T3's receptor affinity is much higher than that of T4, but its transport protein affinity is much lower than T4. T4's higher affinity for transport protein makes it harder to degrade while in circulation which complements its role as a reservoir for conversion to T3.

Why are T3 and T4 so important to CNS development?

T3/T4 play a critical role in the growth and myelination of neurons. Lack of these hormones will permenantly retard the development of the nervous system.

What would the results of a hormone panel look like for a patient with primary hyperthyroidism and how can you explain this finding?

T3/T4 will be high which will provide strong negative feed back to the pars distalis and hypothalamus resulting in low TSH and TRH levels.

If the body primarily uses T3, then why is 75% of secreted thyroid hormone T4?

T4 has a much longer half life and is more readily bound by transport proteins which makes it ideal to serve as a readly reservoir for conversion to T3 when needed.

If only 20% of circulating T3 hormone is directly released from the thyroid gland, where does the remaining 80% come from?

T4 serves as the reservoir for T3 hormone. The majority of T3 hormone used by the body is the result of deiodization of T4 into T3.

What are the formal names of T3 and T4 hormones?

T4: Thyroxine. T3: Triiodothyronine

How will a patient with primary hyperthyroidism respond to a TRH challenge and why?

TRH response will be negative or blunted due to the increased negative feedback from high plasma T3/T4 levels.

How long will it take a patient to present with symptoms if their thyroid suddenly stops releasing T3/T4?

The body has about a 2 week supply of thyroid hormone in circulation. Symptoms will present around this timeframe.
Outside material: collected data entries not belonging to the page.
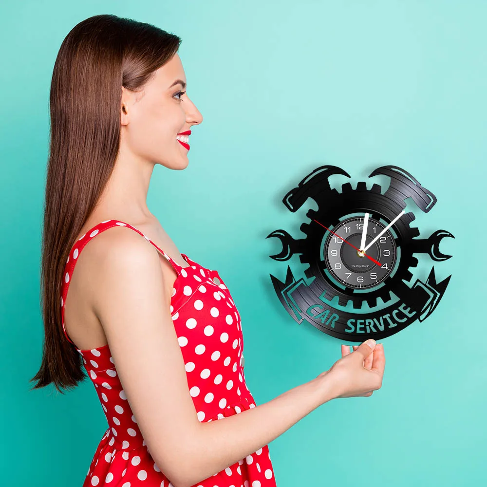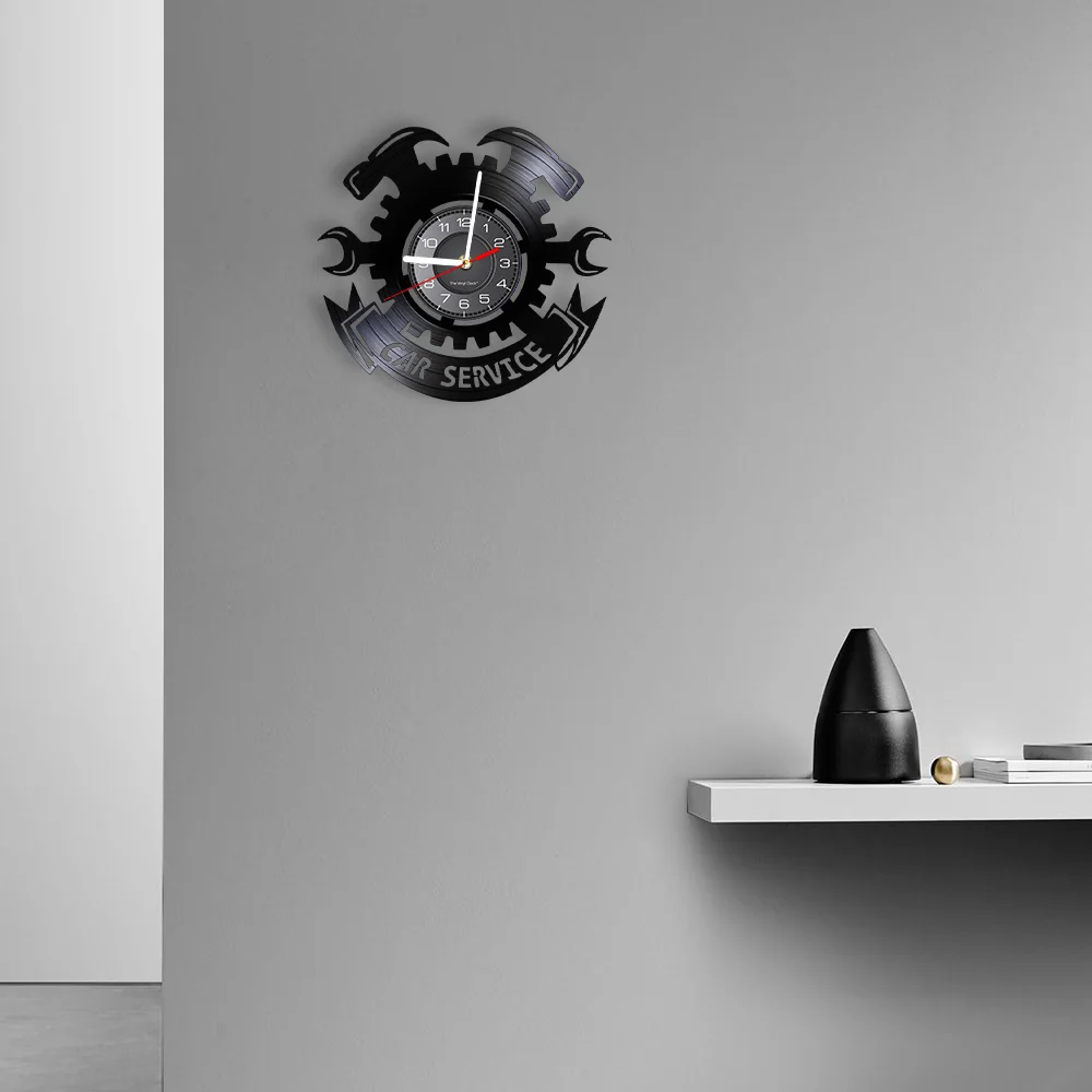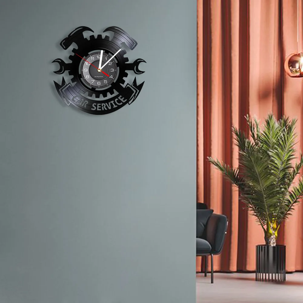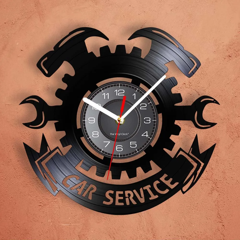 Виниловые настенные часы для ремонта автомобиля, гаечный ключ для гаража, механический виниловый диск, винтажные настенные часы с подвесным механизмом для рукоделия
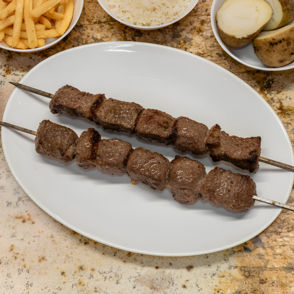 Tender cubes of marinated beef threaded onto skewers and grilled over open flame, offering a succulent, charred exterior and juicy centre. Typically served with a side of salad, rice, fries or potatoes.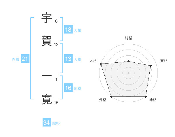 宇賀 一寛さんを姓名の画数から五運を鑑定

In primary hypo or hyperthyroidism the root of the pathology is with what anatomical structure?

Thyroid Gland.

What hormone controls the release of Thyroid Stimulating Hormone, what type of signaling cascade does it activate, and what type of cells does it target?

Thyroid Releasing Hormone from the hypothalamus ligates with Gq coupled receptors on Thyrotropes of the anterior pituitary to release TSH

What enzyme is responsible for the conversion of T4 into T4?

Deiodinase enzyme converts T4 into T3 and comes in three different isoforms. Type 1: Low affinity for T4. Type 2: High affinity for T4. Type 3: Deactivates both T3 and T4.

True or False. The thyroid horone feed back system is unique in that the hypothalamus and pars distalis are sensitive to both free and protein bound thyroid hormones.

False. Hypothalamus and pars distalis only respond to free thyroid hormone levels in the blood. Protein bound thyroid hormones are effectively masked and do not provide any feed back stimulus.

What transport proteins are employed by the follicular cell to move iodide from the blood and into the colloid follicle where it can combine with thyroglobulin?

Follicular cells use Na/I symporters on their basolateral membrane to move iodide into the cell via secondary active transport. Pendrin channels allow the pasage of iodide ions into the colloid follicle where they are quickley converted into iodine by Thyroid Peroxidase.

What type of transport process is utlized by follicular cells to absorb iodide and what transport proteins are involved?

Follicular cells use secondary active transport to absorb iodide. Sodium/Iodide symporter uses the chemical potential generated by basolateral Na/K ATPase to drive iodide against its concentration gradient.

A patient with defects in the NaI symporter or Pendrin channels is likely to have what type of presentation?

Goiter. Goiters form when iodine is deficient or is unable to be utilized to make thyroid hormones. Low levels of T3 and T4 stimulate TSH release which upregulates follicular cell activity resulting in an increase in size of the colloid follicle leading to the formation of a Goiter.

What are the two outcomes of auto antibodies that react to the thyroid gland?

Hyperthyroidism will result if the antibodies are directed against the TSH receptor. Hypothyroidism will result if the antibodies are directed against the follicular cells or stroma of the thyroid gland itself.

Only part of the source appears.